В особо охраняемой зоне. Дневник солдата ставки Гитлера. 1939– 1945 | страница 29
И тут в проеме двери черного хода появляется один из расположившихся в доме на постой зенитчиков, нацепив на ноги шлепанцы и покуривая трубку. Причем его наспех одетая одежда никак не вписывается в окружающую обстановку. Некоторое время, не обращая ни на кого внимания, он стоит, зевая, словно хозяин, а потом усаживается за пианино.
Перед ним в мгновение ока вырастает кружка пива и рюмка с коньяком, а когда он с удивлением оборачивается, то замечает матросов, которые энергично машут ему руками, – его приглашают сыграть. И пианино начинает наигрывать нехитрую мелодию, родившихся этой зимой и ставших очень популярными песен: «Эрика»[14], «Это не может поколебать моряка»[15], «Там, на крыше мира, находится гнездо аиста», «Да, да, да, подари мне пенни» и других.
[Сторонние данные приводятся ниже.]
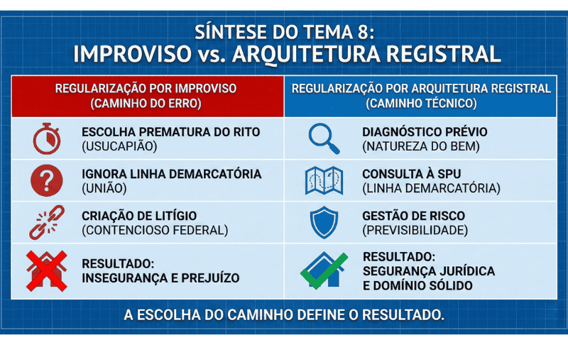 É nesse ponto que a tese se completa. Não como alerta retórico, mas como critério técnico de atuação. Quem entende isso não sai para regularizar um imóvel privado e volta discutindo com a União. Simplesmente porque jamais teria escolhido esse caminho.

Посетителям сразу не удается хором подхватить песню, ведь настроение к этому не располагает. В самом начале подпевает только один женский голос, старательно выводя мелодию и строго придерживаясь текста, но немного запаздывая, словно в церкви. Тогда все взоры обращаются на угол дивана, где сидит девочка и, полностью уйдя в себя, поет с закрытыми глазами. После этого возникшая было неловкость сразу же исчезает, и задающие тон музыкант и девушка превращаются в своеобразных зрителей, а песни начинает исполнять все более крепнущий и заглушающий все остальное хор мужских голосов.
Часть вторая
Париж. 1941 год
(Сотрудник архивной комиссии министерства иностранных дел, претендующий на звание историка.)
Из одного письма:
«Здесь климат напоминает арктический. Я вижу столько примеров продолжающегося превращения людей в недочеловеков, такого эгоизма, от которого волосы встают дыбом. Я наблюдаю столь бесчувственное, кичливое высокомерие, что вынужден сам защищаться от попыток взломать мое сознание… Надо надеяться, что удастся увидеть такие времена, когда все это безмерное горе дойдет каким-то образом до сознания, языка и действий его авторов».
Март 1941 года
Оратор, произнесший торжественную речь в рейхе, назвал сегодняшний Париж обыкновенным европейским провинциальным городом и потребовал отныне не относиться к нему с благоговением.
С 23 часов парижанам запрещено выходить на улицу, и все, что передвигается в мертвой тишине улиц, относится к оккупационным силам. Время от времени проходят одиночные солдаты или их группы, к которым присоединяются гражданские лица с надвинутыми на лоб полями шляп.